Warsh himself captured that tension when he said:

“There had been too much scientism, scholasticism, trying to make precise of that which we have still imperfect understandings of.”

The critique was aimed at central banking, but it applies more broadly. Economics has often tried to present itself as more precise than its behavioral foundations justify.

This is partly why behavioral economics never quite rose to the level of a full “school” of thought. Keynesianism offers a macro framework. Monetarism offers a theory of inflation and money. Austrian economics offers a philosophy of markets and cycles. Behavioral economics, by contrast, has been descriptive. It identifies biases, loss aversion, anchoring, present bias; but it does not provide a coherent macro system. It tells us that humans deviate from rationality; it does not tell us how to run an economy.

In that sense, behavioral economics has always been a corrective, not a governing framework.

But what if AI changes the terrain?

For the first time, we are building systems that can model patterns of human decision-making at massive scale. Consumer behavior, attention flows, sentiment shifts, risk preferencesl; these are no longer abstract constructs inferred from surveys and lab experiments. They are datasets. They are predictive targets. They are optimizable variables.

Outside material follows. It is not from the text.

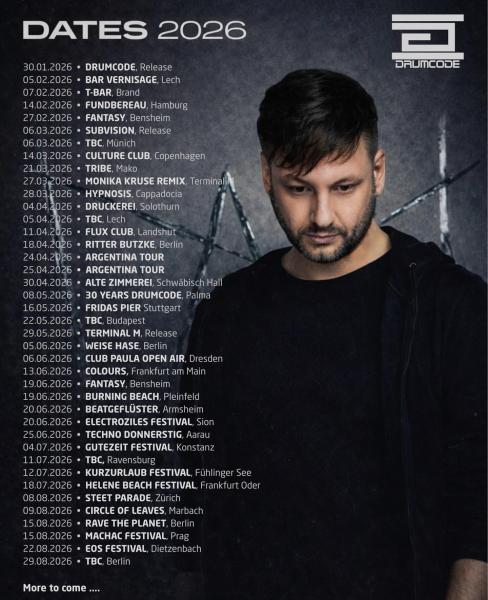 Neben den Tourdates stehen auch neue Releases auf dem Programm. Damit verspricht 2026 ein weiteres intensives Jahr zwischen Studio, Clubs und Festivals zu werden – mit treibendem Techno und langen Nächten auf den Dancefloors.

If behavioral economics taught us that humans are predictably irrational, AI may make that predictability computationally tractable.

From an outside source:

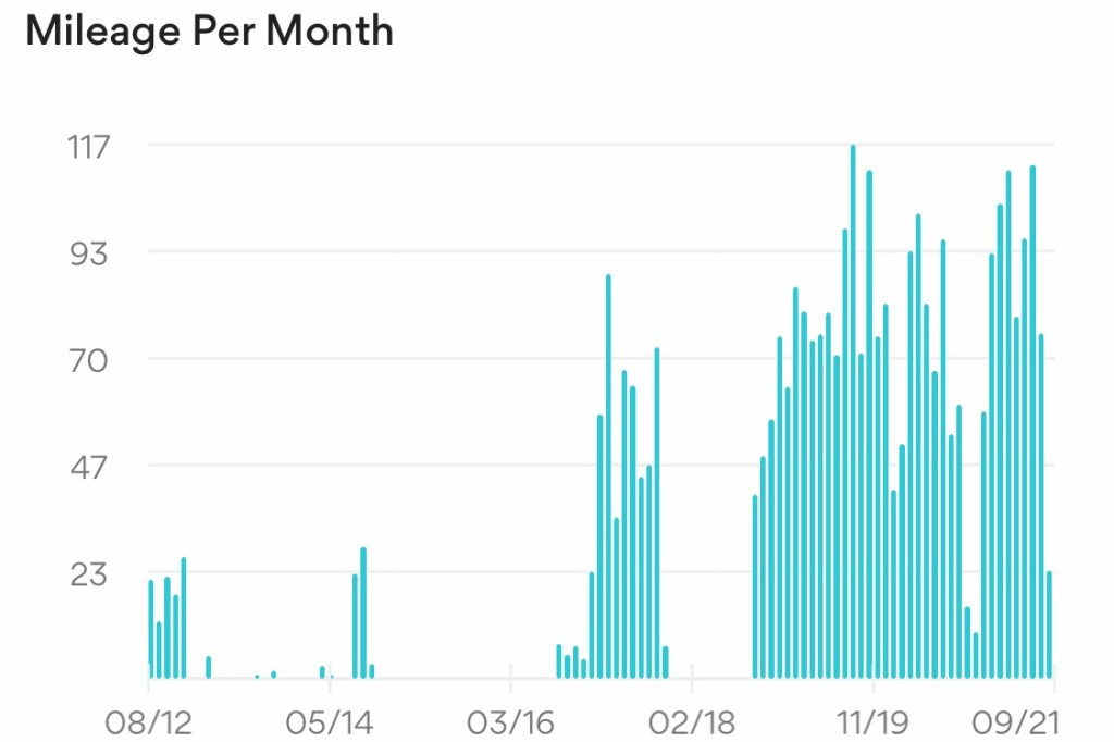 With a 4.5 mile run today, I recorded 1,0002 activities with the RunKeeper app. I have had on and off seasons of running over the years. Here's a snapshot of my mileage each month.

And that invites a new possibility: what if behavioral economics, powered by AI, becomes operational? Not just descriptive, but prescriptive.

We already live inside an early version of this reality. Social media platforms have spent more than a decade refining algorithms that predict engagement and adjust feeds accordingly. The result has not been neutral observation. It has been behavior shaping; attention steering, preference amplification, belief reinforcement. In other words, social media did not merely reflect behavior; it engineered it.

Extend that logic into finance, monetary policy, and macroeconomic expectations, and the implications deepen. If AI systems can forecast how households respond to rate changes, how investors respond to signals, how consumers react to fiscal incentives, then the temptation to fine-tune those responses becomes immense.

The boundary between forecasting and steering begins to dissolve.

If central banks once struggled because they lacked sufficient data and precision, the next era may present the opposite challenge: an abundance of behavioral visibility. Policymakers may find themselves able to measure expectations in real time, simulate reactions, and design interventions with unprecedented granularity.

This does not automatically imply dystopia. It may improve stability. It may reduce volatility. It may allow earlier detection of crises. But it also concentrates power. The capacity to predict behavior at scale carries with it the capacity to influence it; and influence at scale is never neutral.

Perhaps the central question of this technological era is not whether AI will accelerate productivity or reshape labor markets. It is whether the tools that make human behavior measurable will quietly transform economics itself; from a system that interprets markets into one that increasingly engineers them.